We resolve the collision by applying the hash function with a small modification , this is called probing second time. Probing is nothing but finding location in hash table where we need place an element.

we apply the hash function if we find that the element is already picked we make a combination between `u` and finite set `[0,m-1]`

the worst time here to search an element is `O(m)` because we need to visit all the table to find that element.

assume the `X` is mean that slot is not empty and `N` is NULL (we can put element here).

``````h(k)        = 0
``````

`1` is NULL so I can put `k` in it.

``````h(k1)       = 1
h(k1 , 1)   = 5
h(k1 , 2)   = 6
``````

`h(k1)` is `1` but `1` is not free ( their is collision ) so we run hash function again we get `5` which also is not free , so we run it again with `2` we get `6` which is NULL.

same for searching assume we have the element we need `k1` is at slot `0`

``````h(k,0) = 2
h(k,1) = 6
h(k,2) = 3
...
h(k,7) = 0
``````

so I take `O(m)` to find it in worst case

assume the `k1` is at slot `5` instead of `7` so if I reach `h(k,5)` and find it `NULL` I stop because I know that this element is not presented , because if it's not `NULL` the hash function will occupy it for `k1`.

This is the case if no elements being deleting . If it's deleted I will continue searching (probing). So deletion will cause a problem so I will assign an element that mean oh there is an element let's say `D` here but it is deleted , and in insertion if I find `D` I will treat it as `NULL` so I place replace it with my element.

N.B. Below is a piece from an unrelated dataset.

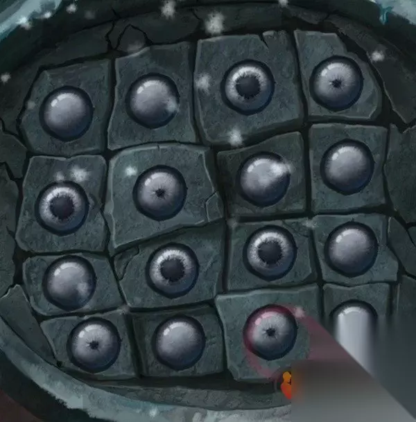 小高能过后电视上的眼睛是有两种形态的,大瞳孔和小瞳孔,眼睛位置也是会变化的,这里就把两张图合在一起吧,大概就是第一行3大4小,第二行1大2小,第三行2大3大,第四行1小3小,记好后就可以后退一下来到冰雪世界,查看右边墙上的机关开始调整了。

In worst case if All elements are deleted and I need an element after them , so chaining is the best in this case.

### Linear probing

``````h : U --> {0 ... m-1}
``````

if I run `h(k) = a` so index is `a` , if `a` is not empty will I will take another hash function h prime`h'(k,i)=(h(k)+i) mod m` which is `h'(k,1) = ( h(k)+1) mod n = (a+1) mod m = a+1` and `h'(k,2) = ( h(k)+2) mod n = (a+2) mod m = a+2`

it's called linear probing because if the element at `a` is occupied it try `a+1` if it also occupied it will try`a+2` if it reach `m` it will start again from `0` to `a`

so if it start at `1` it will start from `1` and end at `0` `{1,2,3 ... m-1 , 0}` if it start at `k` it will end at `k-1`

the number of prob sequences is `m` . if 2 elements have the initial prob is the same it's called secondary clustering. Primary clustering is if a continuous block of memory is sequentially occupied it mean from `a` to `a+k` is filled , so the probability of inserting an element will be `k+1/m`

the worst search is `O(m)` but the average is constant `O(2.5)` their is a lot of proofs but they are hard and contain a lot of advanced probability theorems.

### Quadratic probing

`h'(k,i) = ( h(k) + c1*i + c2 i*i ) mod m`

the problem with quadratic probing is that we need to choose `c1 , c2 and m` in such a way that `h'(k,i)` will examine entire table.

### Double hashing

`h'(k) = ( h1(k) + i * h2(k) ) mod m`

if 2 elements have the same `h1` , `h2` probably will not be the same

selection of `h2(k)`

The secondary hash function `h2(k)` it should never yield an index of zero

• it should cycle through the whole table
• it should be very fast to compute
• it should be pair-wise independent of `h1(k)`
• The distribution characteristics of `h2(k)`are irrelevant. It is analogous to a random-number generator - it is only necessary that `h2(k)` be ’’relatively prime’’ to `m`.

In practice, if division hashing is used for both functions, the divisors are chosen as primes.